Il haussa un sourcil, un air totalement ahuri sur le visage... Malgré ce qui venait de se passe, il n'avait sensiblement pas compris que la cause de mon malaise le concernait presque entièrement, mais ça ne m'étonnait pas plus que ça de lui : il a toujours eu cette tendance, lui aussi, à passer à côté de certaines choses importantes. Je profitais de son silence pour continuer :

"...Ce que je voulais te dire, enfin ce que j'essayais, enfin... Oh et puis flûte ! Je suis fou amoureux de toi, voilà ce que j'ai !"

Si cette fois il n'avait pas compris, je ne pouvais plus faire grand-chose... Oh j'étais sûr et certain qu'il avait compris depuis longtemps, mais j'ignorais encore à l'époque à quel point je pouvais me tromper à son sujet. Et lui il me regardait avec son air surpris, comme si je venais de lui annoncer qu'en fait la neige c'était du chocolat chaud qui avait eu trop froid... Remarquez, même là il aurait rit plutôt que de me regarder comme ça.
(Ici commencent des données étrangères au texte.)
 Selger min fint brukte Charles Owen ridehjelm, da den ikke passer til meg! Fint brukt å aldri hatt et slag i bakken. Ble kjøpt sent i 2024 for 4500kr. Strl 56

Il lui fallut plusieurs minutes avant de vraiment réagir, et de se rendre ocmpte que si je l'avais embrassé, c'était pas par manque ou parce que j'avait envie de faire du fan-service en plein milieu de la rue, ou encore pour choquer les gens...

Je me souviendrais toute ma vie de sa réaction. Autant que de la gifle, un peu plus tôt. Je me souviendrais éternellement de ses mots rien que pour moi, de ses bras, de ses lèvres. De toute façon, il n'est pas question que je m'en sépare.